**Activity**
Without pictures, output exactly the lines running from the line containing "Everest Bank Limited" to the end of the listing below.

**Data**
####################

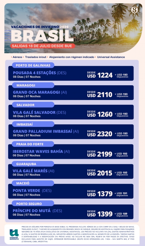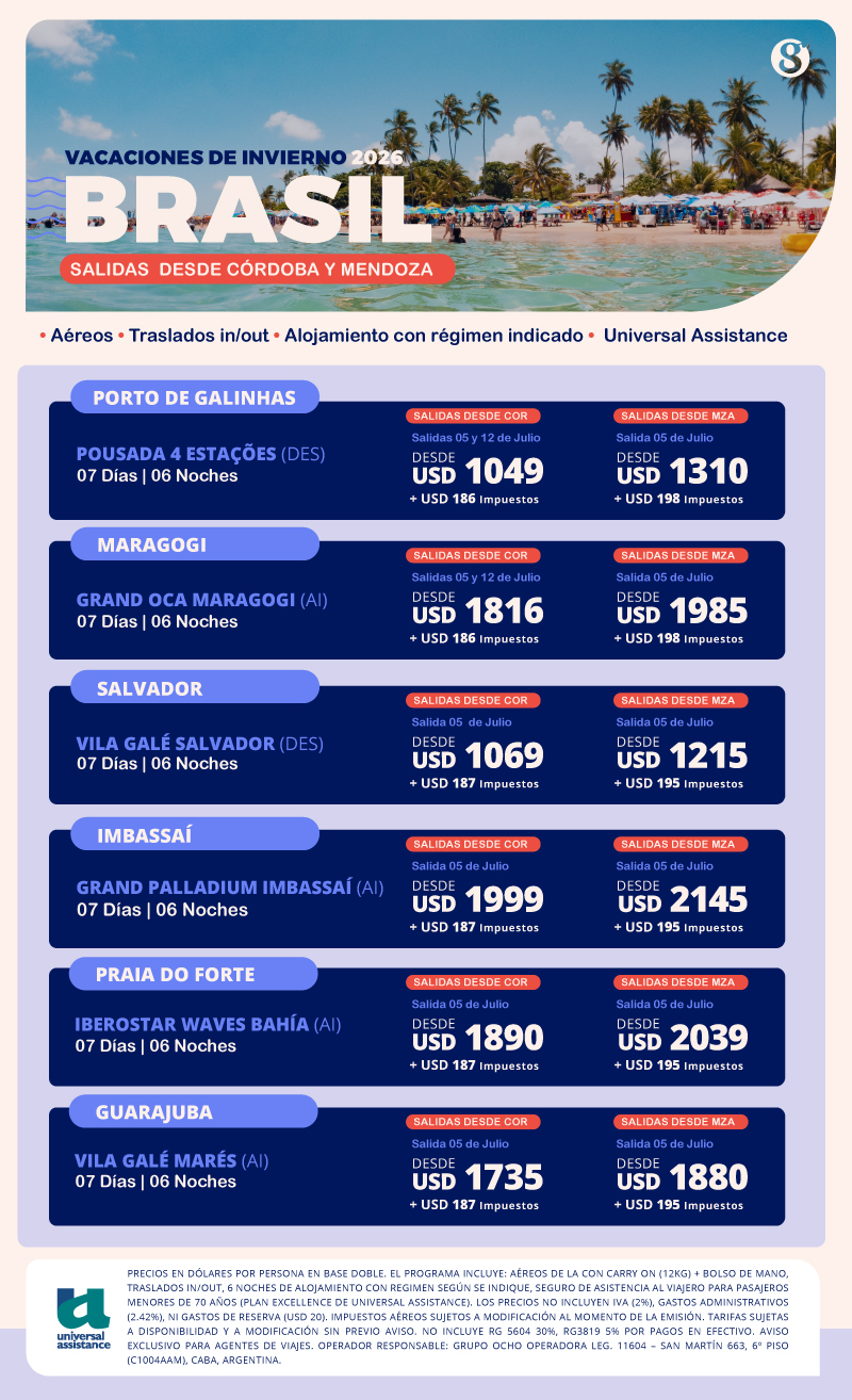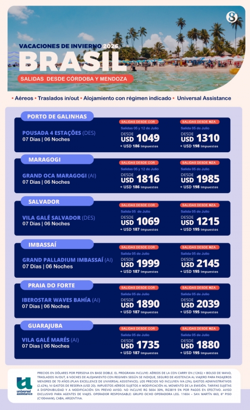 Brasil Vacaciones de Invierno desde COR y MDZ
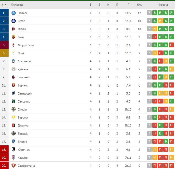 Seriya A Chempionat Italii Po Futbolu Raspisanie I Rezultaty Matchej 4 Tura 17 18 19 20 Sentyabrya 2021 Goda Sport Tsn Ua
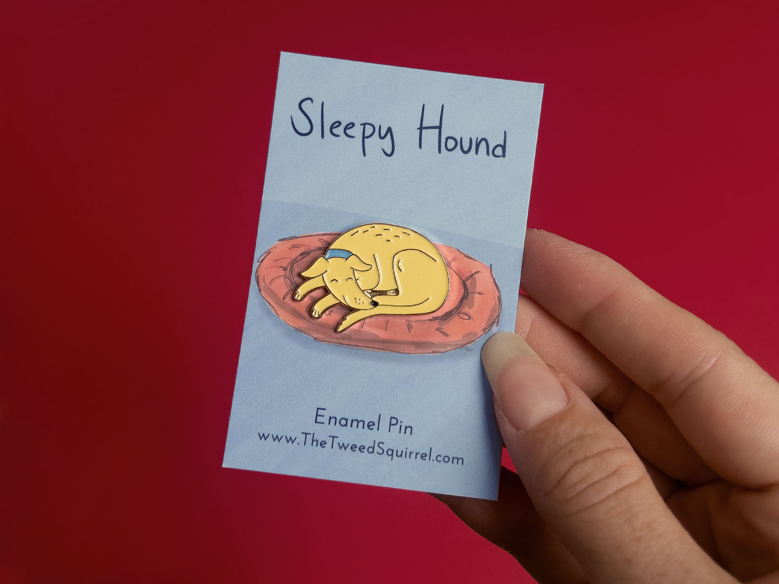 Does your hound spend most of their time snoozing? Mine certainly does! Take a tiny version of your sleepy hound wherever you go with this charming enamel pin.
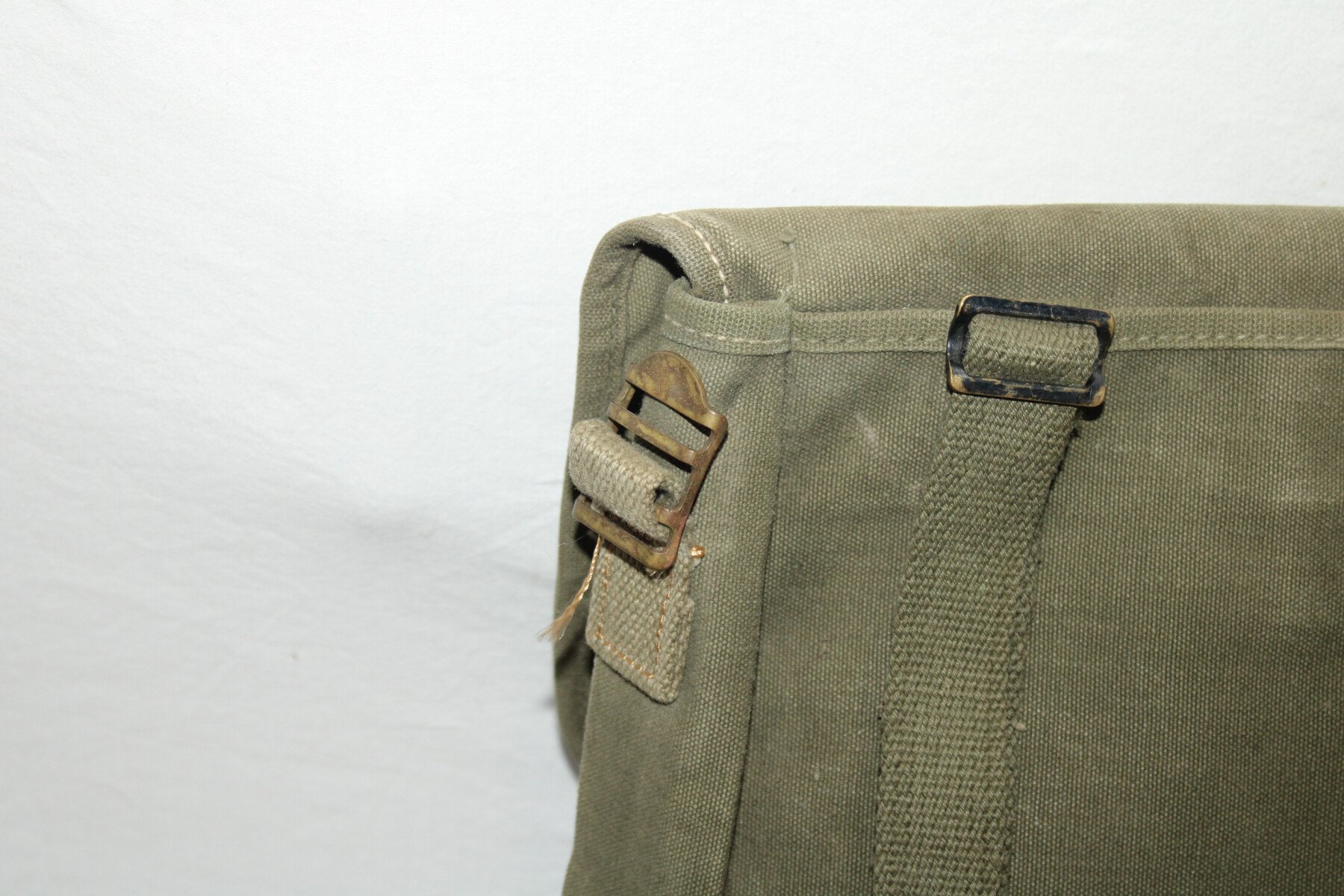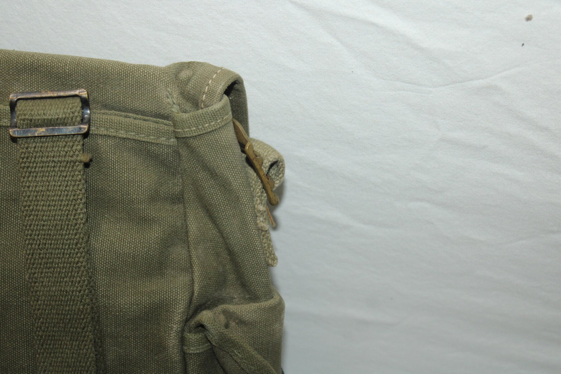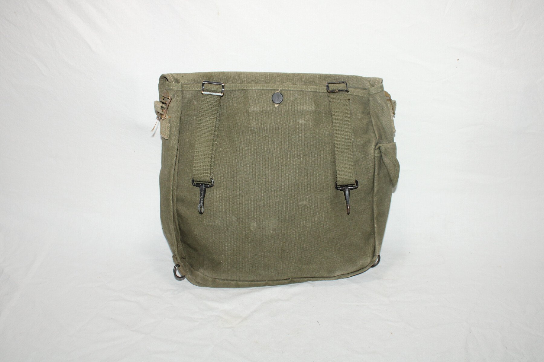 Musette de type mle 36, modifiée par l'ajout d'œillet pour la fixation d'un outil et passants sur le coté. Daté 1945.
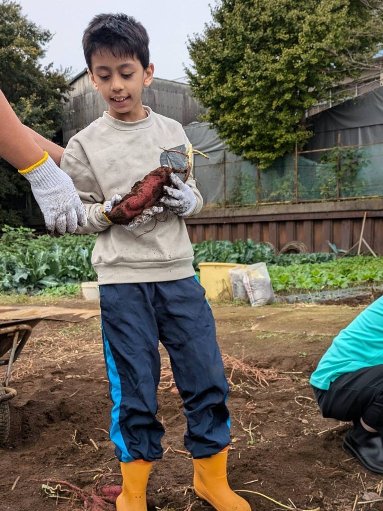 畑に到着するとAくんは手袋をはめ、早速土を掘り始めました。夢中で土を掘り進め、見事な大きないもを掘り当てることができました!
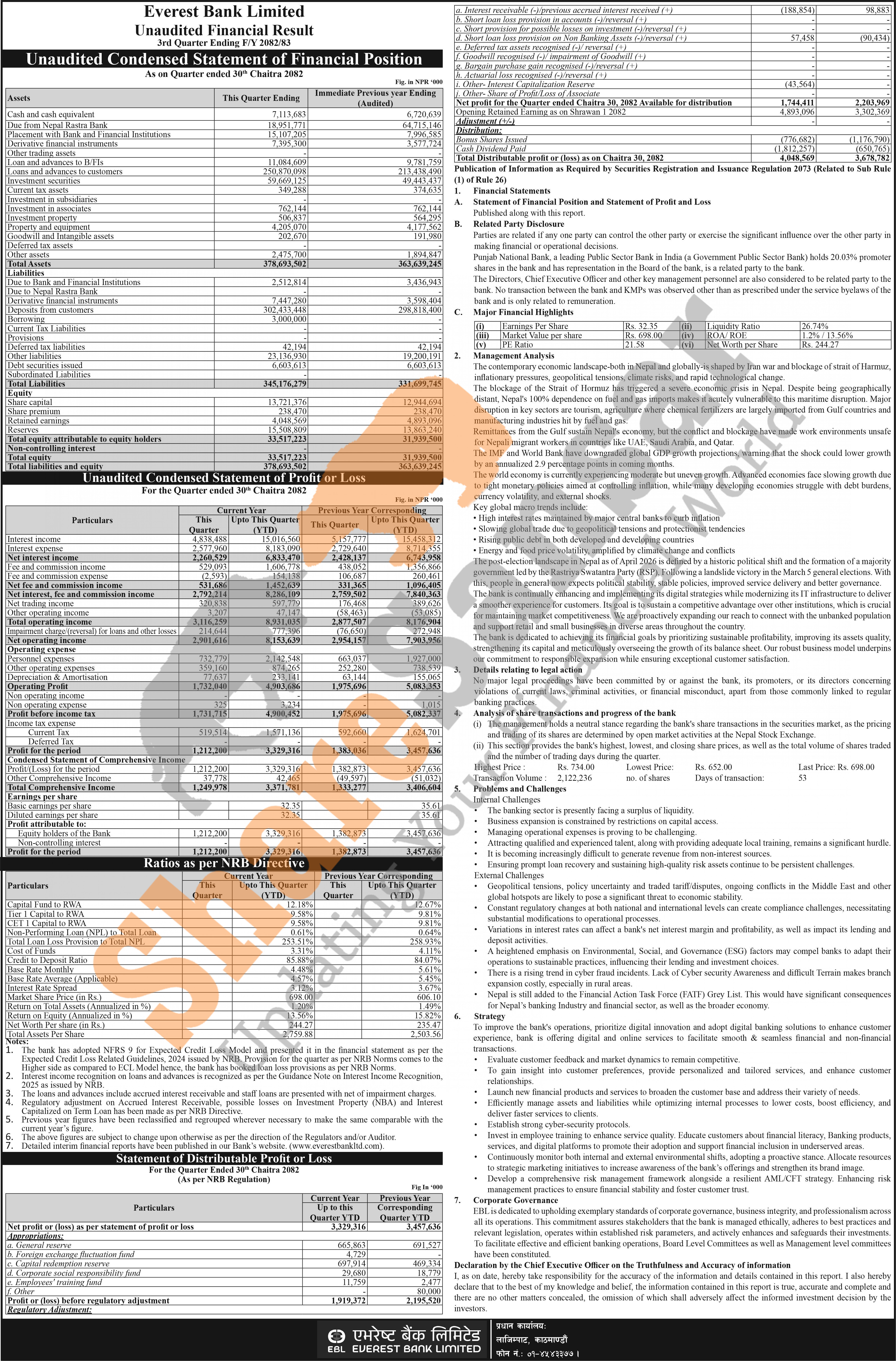 Everest Bank Limited has posted a net profit of Rs 3.32 billion and published its 3rd quarter company analysis of the fiscal year 2082/83.
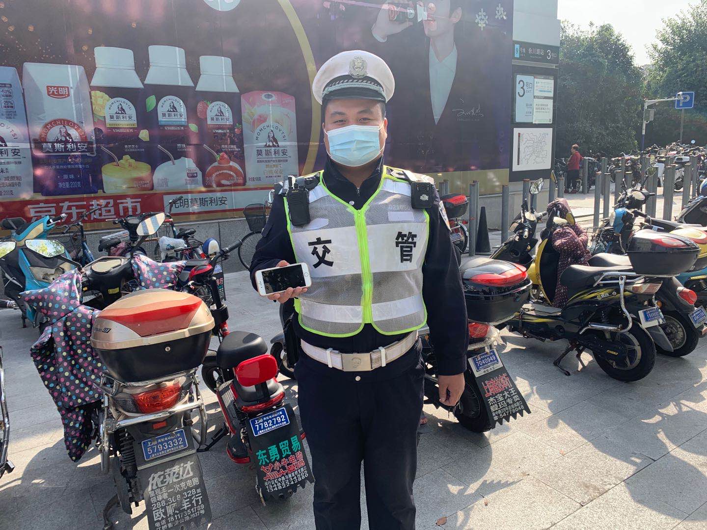供稿人:許志剛拾金不昧好隊員 弘揚傳遞正能量——閔行虹橋交管輔警隊員撿到手機
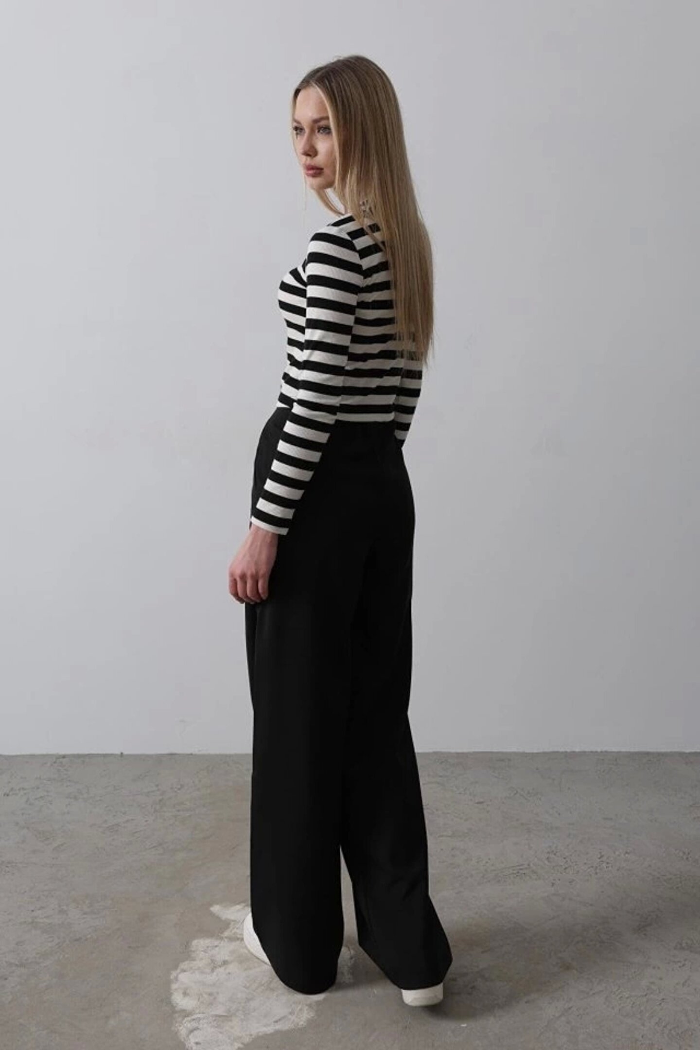 Silerra Beli Yarım Lastikli Palazzo Pantolon - Siyah
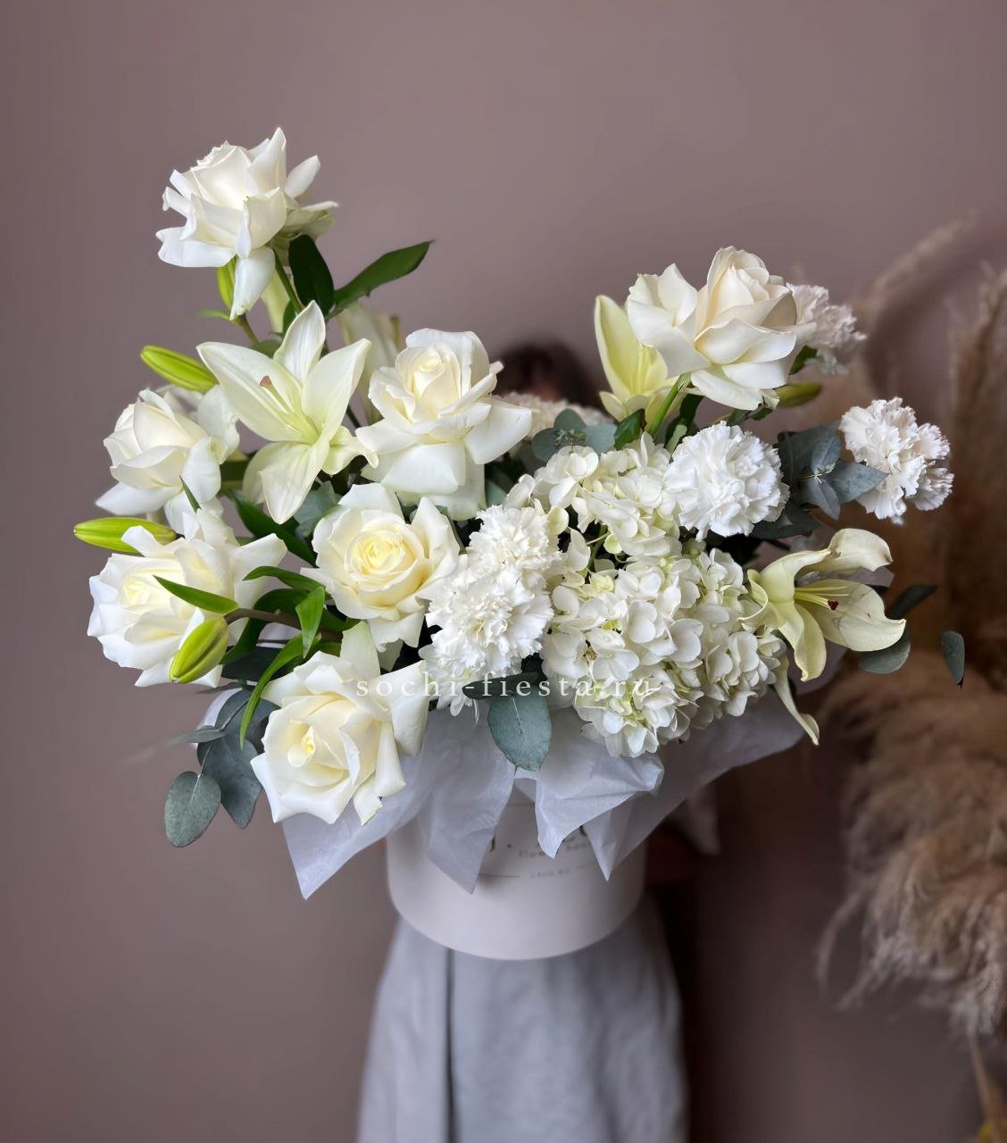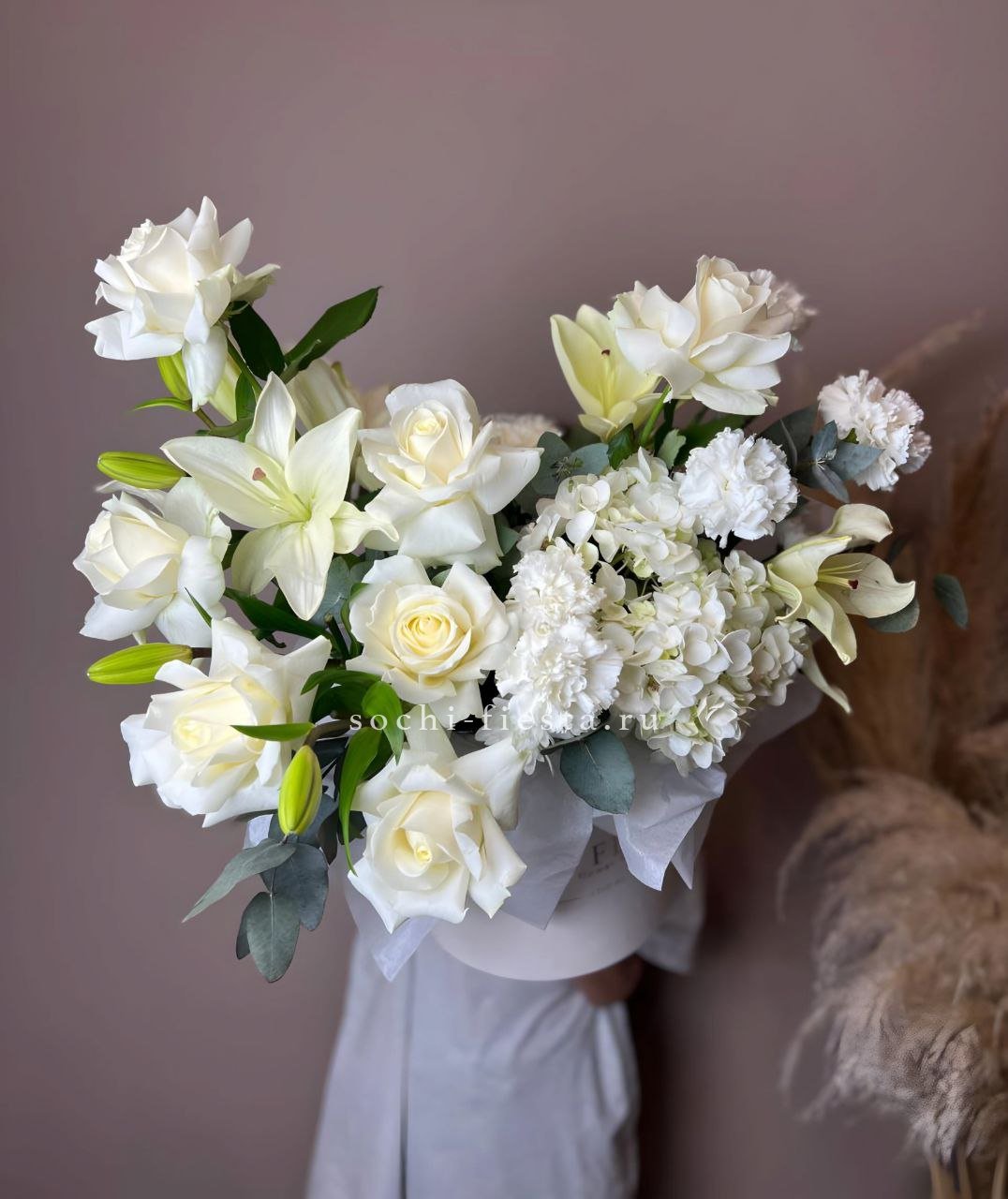 Эвкалипт обрамляет кустовые розы и гортензию, создавая многослойную структуру с зелеными переходами. Эустома добавляет легкости, а цилиндр держит форму аккуратной и собранной.

####################

**Output below**
 Everest Bank Limited has posted a net profit of Rs 3.32 billion and published its 3rd quarter company analysis of the fiscal year 2082/83.
供稿人:許志剛拾金不昧好隊員 弘揚傳遞正能量——閔行虹橋交管輔警隊員撿到手機
 Silerra Beli Yarım Lastikli Palazzo Pantolon - Siyah
 Эвкалипт обрамляет кустовые розы и гортензию, создавая многослойную структуру с зелеными переходами. Эустома добавляет легкости, а цилиндр держит форму аккуратной и собранной.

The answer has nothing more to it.